- PROBLEM DETAILS
Quote the records that follow in full, leaving the pictures out.

- Records from a dataset

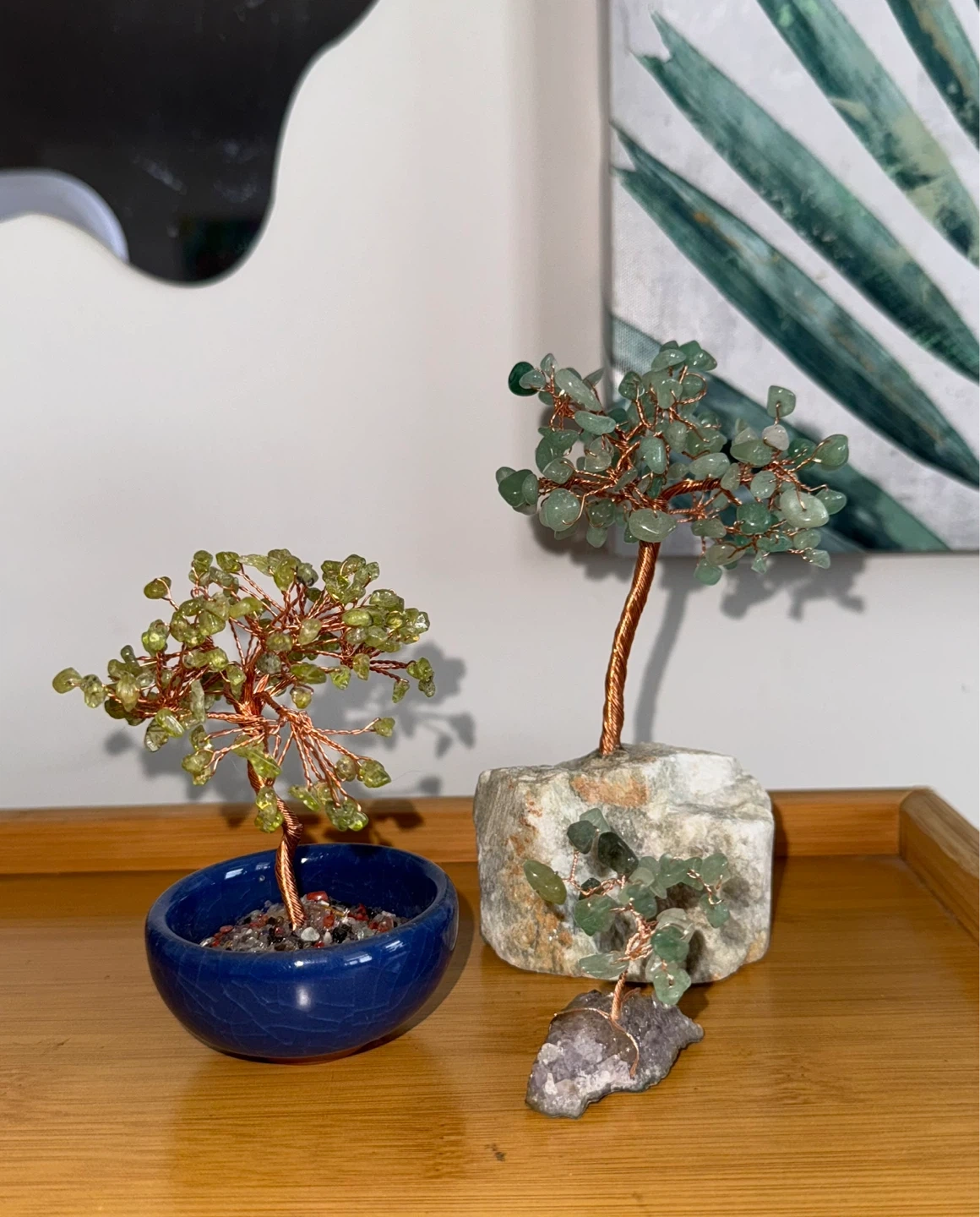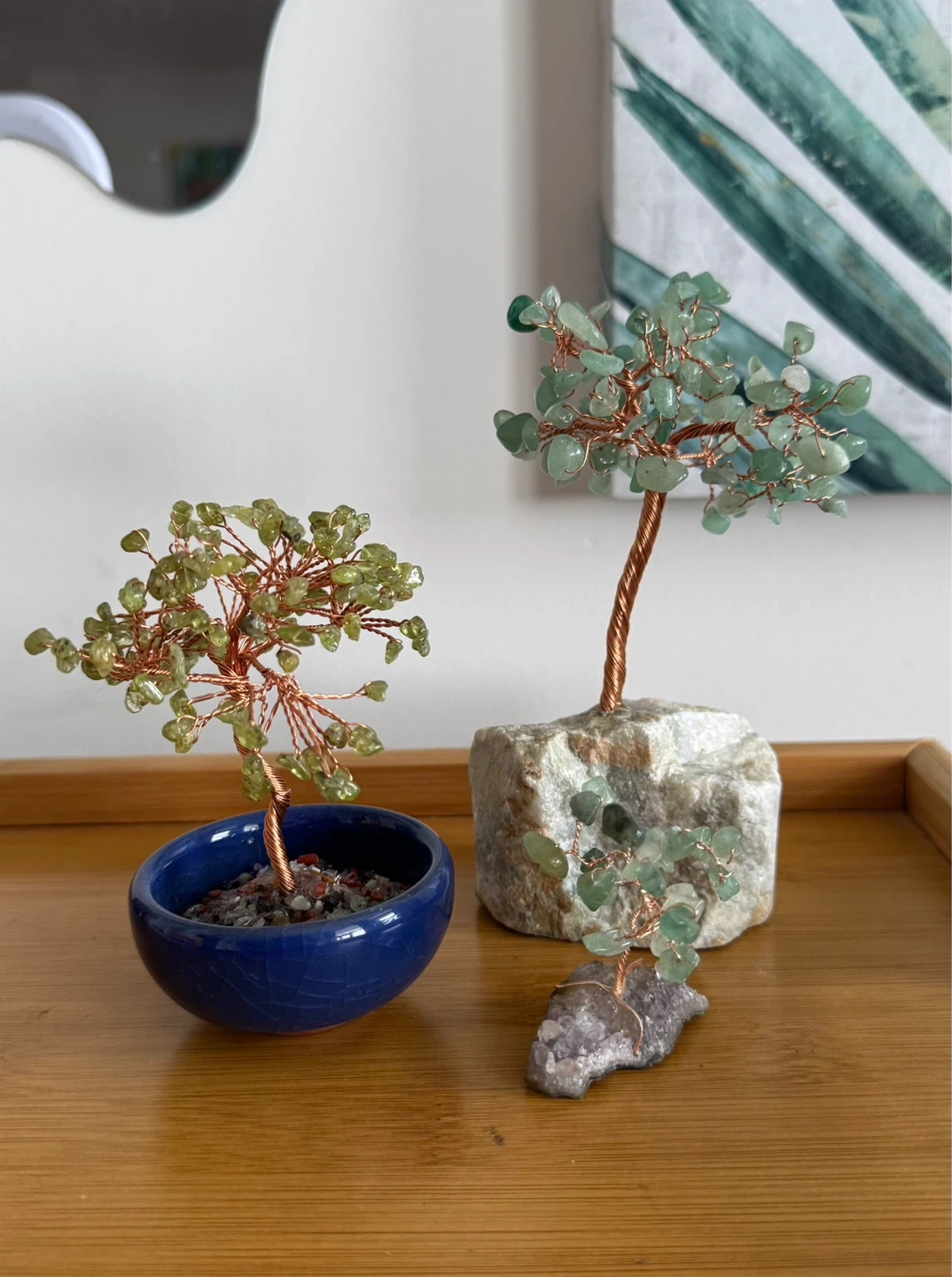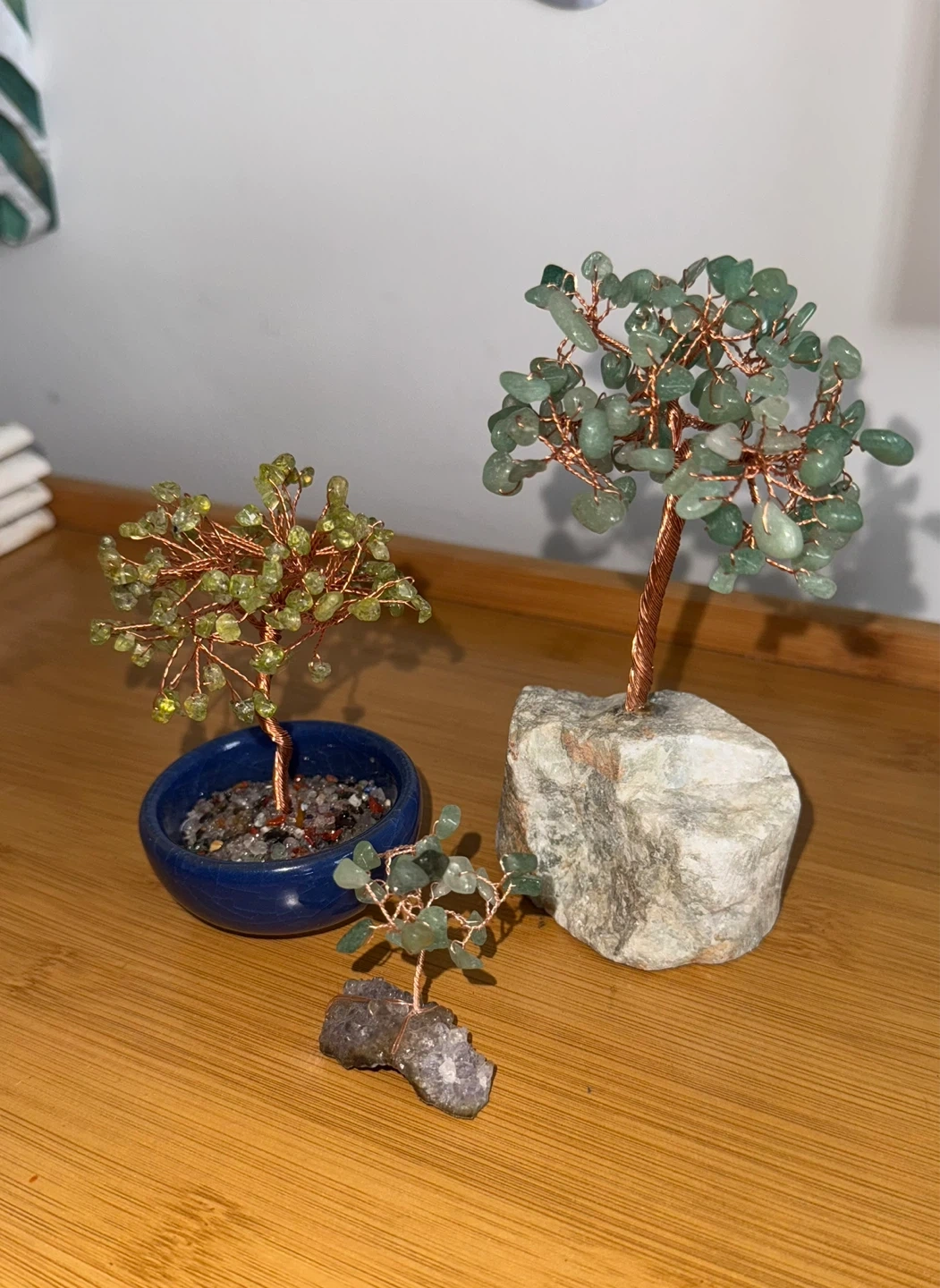 Selling 3 handmade crystal copper wire trees; Each tree is made with polished natural crystals and wrapped in copper wire and each branch can be reshaped to the desired look.
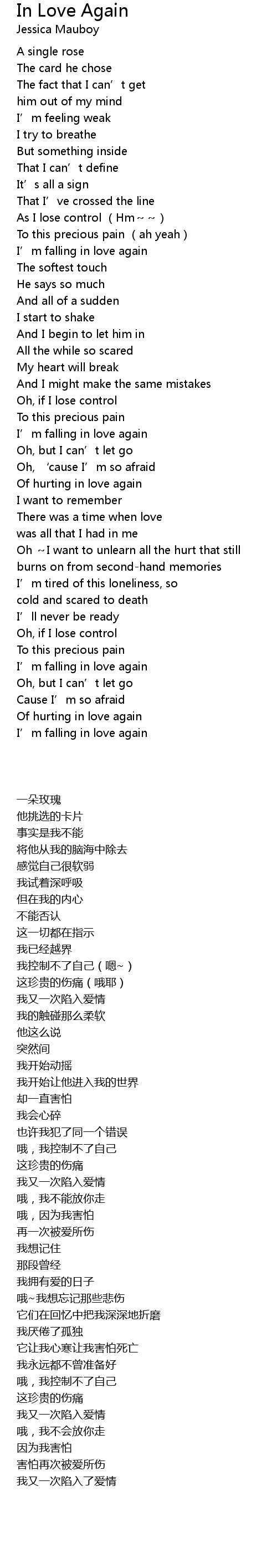 | [00:40.28] | I' m falling in love again |
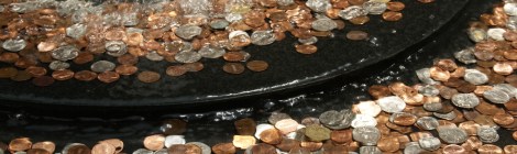 She opened her eyes, gently dropped the coin in the fountain and watched it drift to the bottom joining hundreds of other wishes.
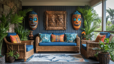 Transform your outdoor space into a lively tropical haven that transports guests to an island paradise. Use bright, patterned tablecloths and tiki torches to set the scene, complemented by abundant greenery such as palms and ferns.
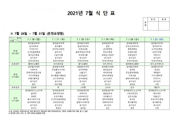 7월 넷째주 식단표 페이지 정보 작성자 은천노인복지회 작성일21-08-05 10:26 조회132,197회 댓글0건 관련링크 이전글 다음글 목록 답변 본문 . 이전글 다음글 목록 답변
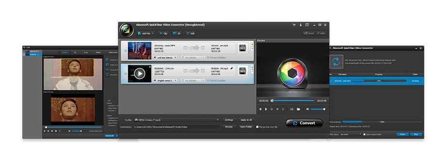 Aiseesoft QuickTime Video Converter je nástroj pro konverzi videí typu MP4, AVI, M4V, MPEG, FLV, MKV, VOB, WebM do formátu QuickTime (MOV). Podporován je převod videí s kvalitou SD, 1080p HD a 4K UHD. Užitečnou funkcí je rovněž možnost extrakce audio stop z podporovaných videí a jejich uložení do souborů typu AAC, AIFF, MP3, M4A, WAV, FLAC a dalších. Samozřejmostí je možnost dávkové konverze.
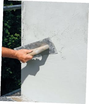 Når grundpudsen er tør, trækker du slutpuds på. Her er det Skalcem S2000/ CF2000. Kom Beto-binder i blandevandet for at gøre pudsen stærkere.
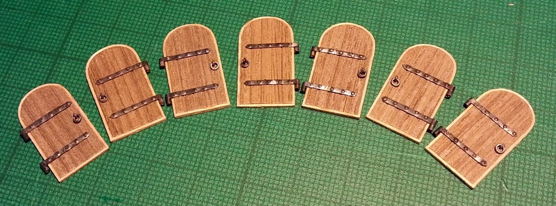 Zawiasy drzwi to blaszka po konserwie turystycznej grubości 0,2mm i pocięta w paseczki o szerokości około 1,2mm. Następnie powyciskałem nity za pomocą stępionego lekko gwoździka i małego młotka. Trzeba lać lekko żeby się nie przebić. Po kilku próbach wiedziałem już jakiej siły użyć aby każdy następny nit wyszedł w miarę podobnie. Tak potraktowane zawiasy lekko naprostowałem szczypkami przyklepując nieco nity. "Klamki" to drucik stalowy 0,5mm z torebki po chlebie, nawinięty na wiertło 1mm i następnie pocięty w pojedyńcze pierścienie. Wszystko opalone nad zapalniczką w celu poczernienia.
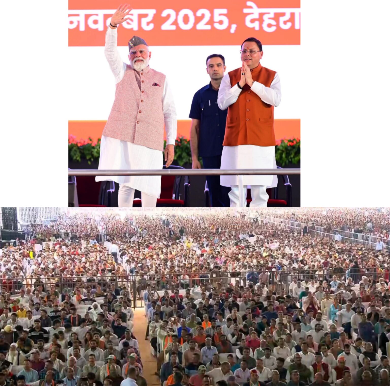 उत्तराखंड की स्थापना के 25 वर्ष पूरे होने पर रविवार को देहरादून के प्रतिष्ठित वन अनुसंधान संस्थान (एफआरआई) में ऐसा नज़ारा देखने को मिला, जो अब तक के सभी आयोजनों से अलग और अभूतपूर्व था। प्रधानमंत्री नरेंद्र मोदी के आगमन को देखने-सुनने के लिए जनसैलाब उमड़ पड़ा। अनुमान के अनुसार, डेढ़ लाख से अधिक लोग कार्यक्रम स्थल पर मौजूद थे। यह भीड़ उत्तराखंड के इतिहास में अब तक की सबसे बड़ी बताई जा रही है।
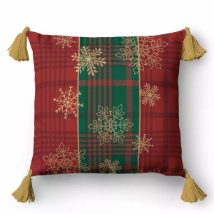 5382 A Christmas Deco Detexpol krata czerwona i zielona ze złotymi śnieżynkami– poszewka dekoracyjna świąteczna 45x45, Panama, zamek błyskawiczny
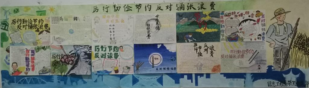 “一粥一饭,当思来之不易;半丝半缕,恒念物力维艰”。为弘扬中华民族勤俭节约的优良传统,大力宣传节约光荣的思想观念,努力使学生养成厉行节约、反对浪费的习惯。信息工程系于11月举行了以“厉行勤俭节约,反对铺张浪费”为主题的班级手抄报展览活动。

- EXERCISE RESULT
 Selling 3 handmade crystal copper wire trees; Each tree is made with polished natural crystals and wrapped in copper wire and each branch can be reshaped to the desired look.
 | [00:40.28] | I' m falling in love again |
 She opened her eyes, gently dropped the coin in the fountain and watched it drift to the bottom joining hundreds of other wishes.
 Transform your outdoor space into a lively tropical haven that transports guests to an island paradise. Use bright, patterned tablecloths and tiki torches to set the scene, complemented by abundant greenery such as palms and ferns.
 7월 넷째주 식단표 페이지 정보 작성자 은천노인복지회 작성일21-08-05 10:26 조회132,197회 댓글0건 관련링크 이전글 다음글 목록 답변 본문 . 이전글 다음글 목록 답변
 Aiseesoft QuickTime Video Converter je nástroj pro konverzi videí typu MP4, AVI, M4V, MPEG, FLV, MKV, VOB, WebM do formátu QuickTime (MOV). Podporován je převod videí s kvalitou SD, 1080p HD a 4K UHD. Užitečnou funkcí je rovněž možnost extrakce audio stop z podporovaných videí a jejich uložení do souborů typu AAC, AIFF, MP3, M4A, WAV, FLAC a dalších. Samozřejmostí je možnost dávkové konverze.
 Når grundpudsen er tør, trækker du slutpuds på. Her er det Skalcem S2000/ CF2000. Kom Beto-binder i blandevandet for at gøre pudsen stærkere.
 Zawiasy drzwi to blaszka po konserwie turystycznej grubości 0,2mm i pocięta w paseczki o szerokości około 1,2mm. Następnie powyciskałem nity za pomocą stępionego lekko gwoździka i małego młotka. Trzeba lać lekko żeby się nie przebić. Po kilku próbach wiedziałem już jakiej siły użyć aby każdy następny nit wyszedł w miarę podobnie. Tak potraktowane zawiasy lekko naprostowałem szczypkami przyklepując nieco nity. "Klamki" to drucik stalowy 0,5mm z torebki po chlebie, nawinięty na wiertło 1mm i następnie pocięty w pojedyńcze pierścienie. Wszystko opalone nad zapalniczką w celu poczernienia.
 उत्तराखंड की स्थापना के 25 वर्ष पूरे होने पर रविवार को देहरादून के प्रतिष्ठित वन अनुसंधान संस्थान (एफआरआई) में ऐसा नज़ारा देखने को मिला, जो अब तक के सभी आयोजनों से अलग और अभूतपूर्व था। प्रधानमंत्री नरेंद्र मोदी के आगमन को देखने-सुनने के लिए जनसैलाब उमड़ पड़ा। अनुमान के अनुसार, डेढ़ लाख से अधिक लोग कार्यक्रम स्थल पर मौजूद थे। यह भीड़ उत्तराखंड के इतिहास में अब तक की सबसे बड़ी बताई जा रही है।
 5382 A Christmas Deco Detexpol krata czerwona i zielona ze złotymi śnieżynkami– poszewka dekoracyjna świąteczna 45x45, Panama, zamek błyskawiczny
 “一粥一饭,当思来之不易;半丝半缕,恒念物力维艰”。为弘扬中华民族勤俭节约的优良传统,大力宣传节约光荣的思想观念,努力使学生养成厉行节约、反对浪费的习惯。信息工程系于11月举行了以“厉行勤俭节约,反对铺张浪费”为主题的班级手抄报展览活动。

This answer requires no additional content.